[Records drawn from a dataset]
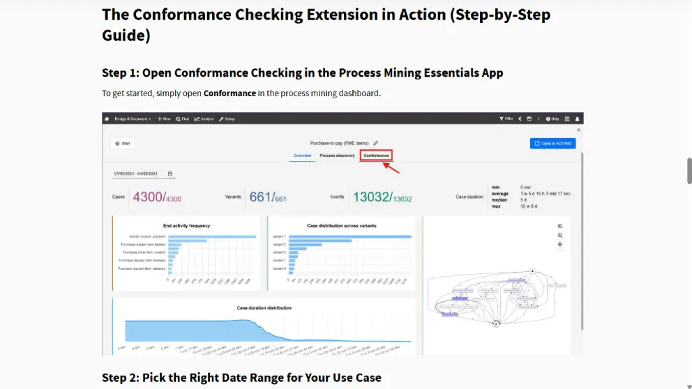 Use the linked model comparison in ADONIS Process Mining Essentials to compare documented processes with actual execution data. Detect deviations based on your designed model and validate improvements with evidence.
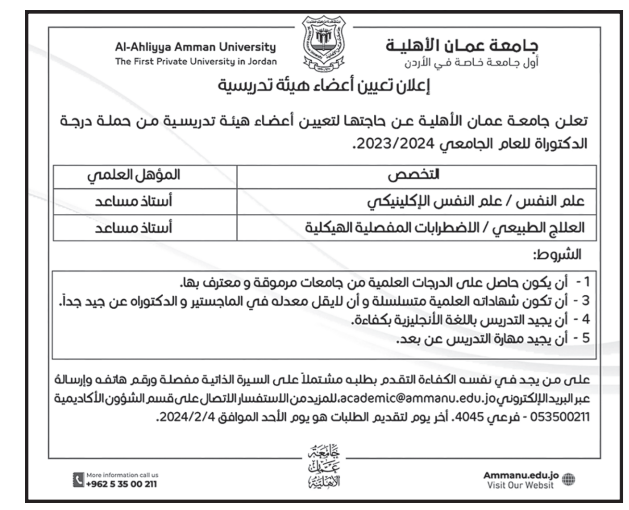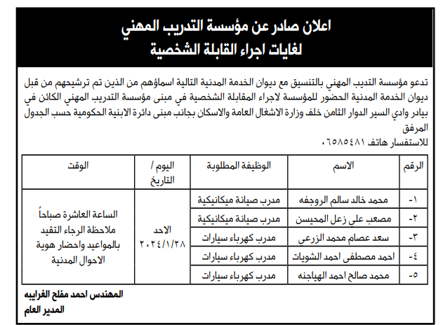 وظائف شاغرة ومدعوون للمقابلات الشخصية
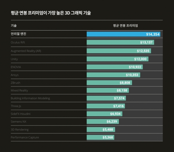 또한, 언리얼 엔진 기술을 필요로 하는 직업은 3D 그래픽 분야 중에서도 연봉이 높은 리얼타임 3D 기술직군 중 가장 많은 연봉을 받는 것으로 나타났다. 언리얼 엔진을 다루는 기술이 요구되는 직무의 평균 연봉은 그렇지 않은 직무의 평균 연봉보다 14,354달러(한화 약 1천 7백만원)가 높았으며, 언리얼 엔진을 능숙하게 다루는 아티스트와 프로그래머, 디자이너는 연봉에 있어서 각각 51%와 22%, 5%를 더 받는 것으로 조사됐다.
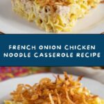 This hearty French Onion Chicken Noodle Casserole combines tender cooked chicken, creamy soup, and tangy French onion dip with cheesy egg noodles, all topped with crispy fried onions for a comforting and easy-to-make baked meal perfect for family dinners.
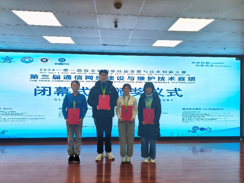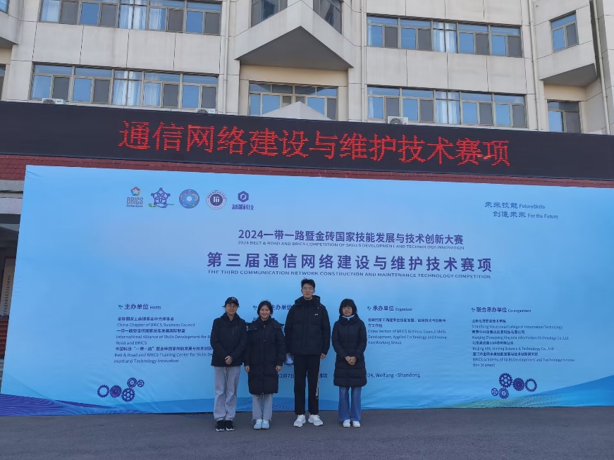 2024年12月7日—12月8日,2024年“一带一路”暨金砖国家技能发展与技术创新大赛第三届通信网络建设与维护技术赛项(高职组)国内总决赛在山东信息职业技术学院举办,经过激烈角逐,我校智能工程学院代表队在97支决赛队伍中脱颖而出,23级计算机网络技术2班学生张涛、蒋玉洁荣获二等奖,指导教师杨洋、沈娟娟荣获优秀指导老师奖,学校荣获优秀组织奖。
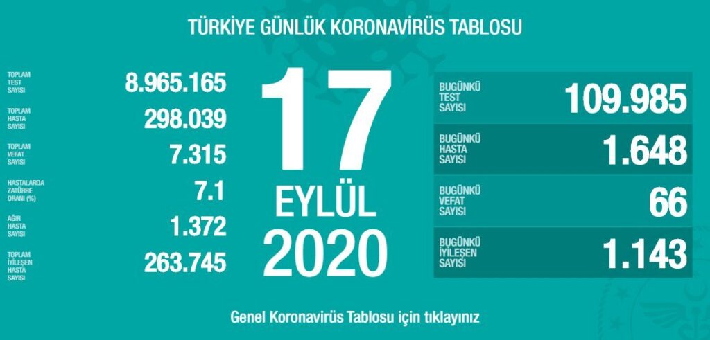 24 saatte 109 bin 985 test yapıldı ve 1648 kişiye daha tanı kondu. Yeni rakamlarla birlikte toplam vaka sayısı 298 bin 39 oldu.
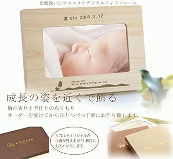 Amazon 名入れ 木製デジタルフォトフレーム ミニサイズ出産祝いタイプ 文字まで入ります 出産祝いギフトとして フォトフレーム 通販
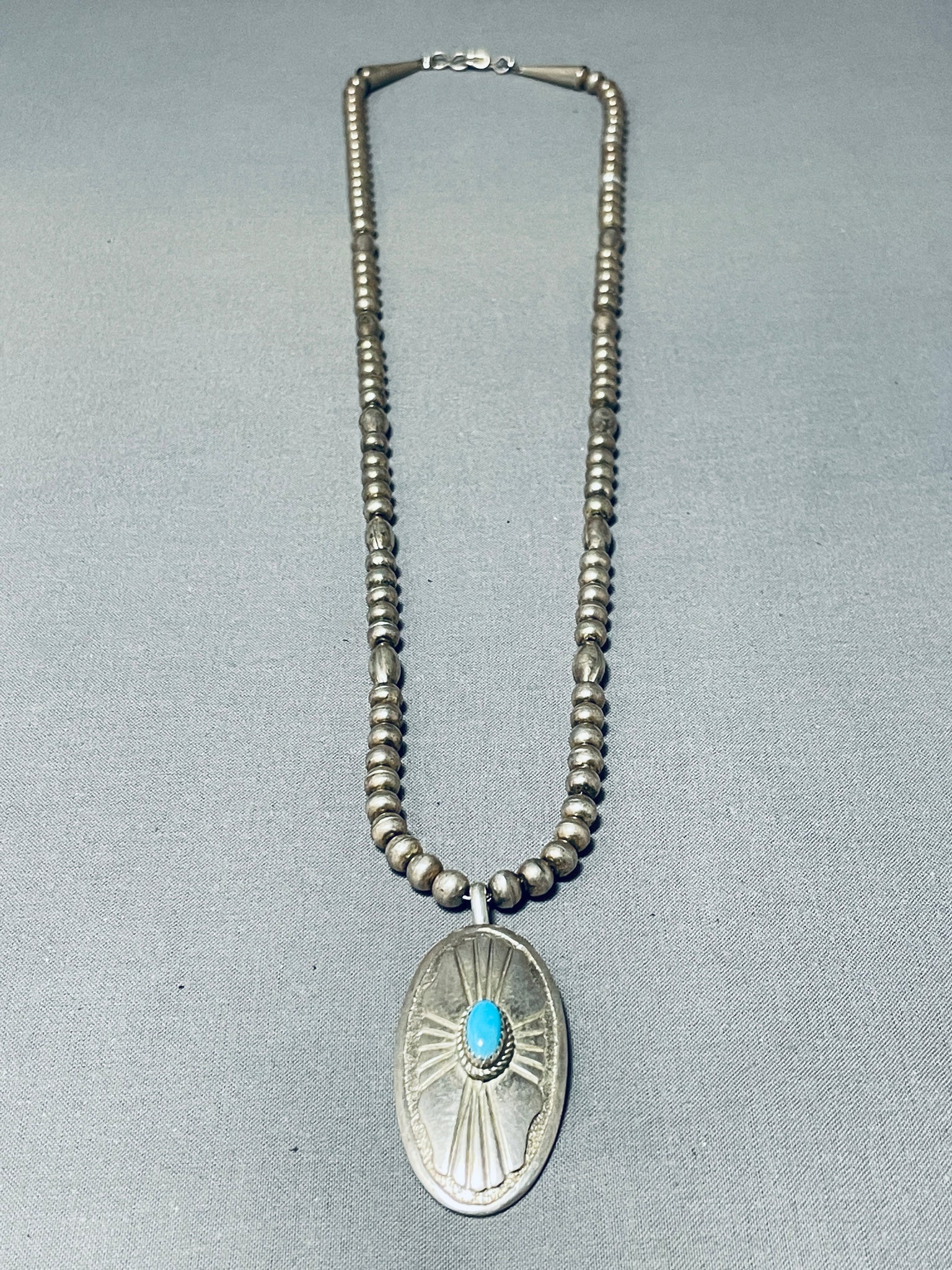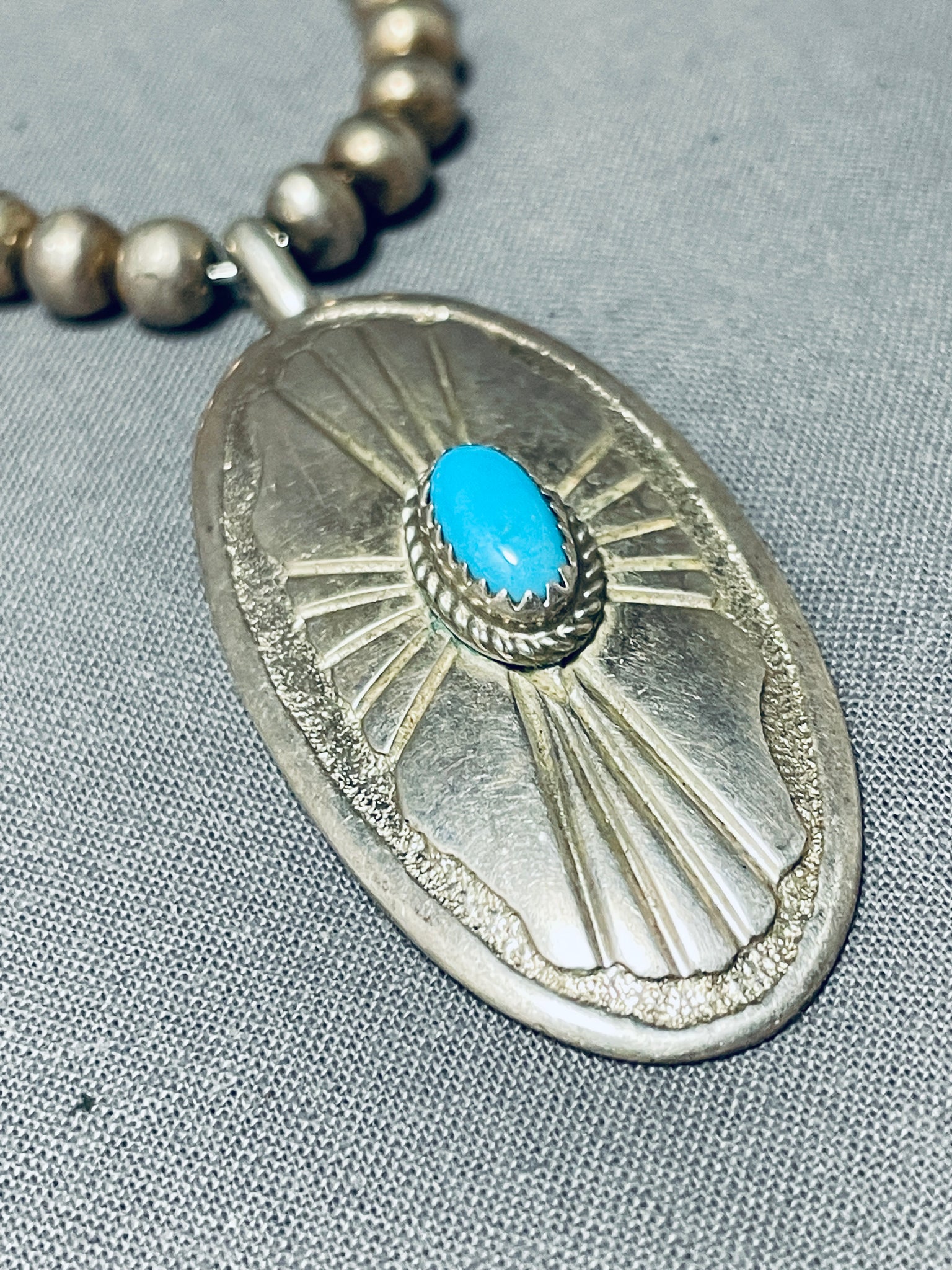Fabulous Vintage Native American Navajo Sleeping Beauty Turquoise Sterling Silver Necklace
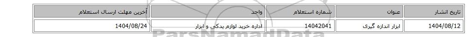 | 1404/08/12 | ابزار اندازه گیری | 14042041 | اداره خرید لوازم یدکی و ابزار | 1404/08/24 |

*What to produce:* Repeat exactly the lines from the one containing "24 saatte 109" through the last line of the records above, both included, and leave out the pictures.

*Expected answer:*
 24 saatte 109 bin 985 test yapıldı ve 1648 kişiye daha tanı kondu. Yeni rakamlarla birlikte toplam vaka sayısı 298 bin 39 oldu.
 Amazon 名入れ 木製デジタルフォトフレーム ミニサイズ出産祝いタイプ 文字まで入ります 出産祝いギフトとして フォトフレーム 通販
Fabulous Vintage Native American Navajo Sleeping Beauty Turquoise Sterling Silver Necklace
 | 1404/08/12 | ابزار اندازه گیری | 14042041 | اداره خرید لوازم یدکی و ابزار | 1404/08/24 |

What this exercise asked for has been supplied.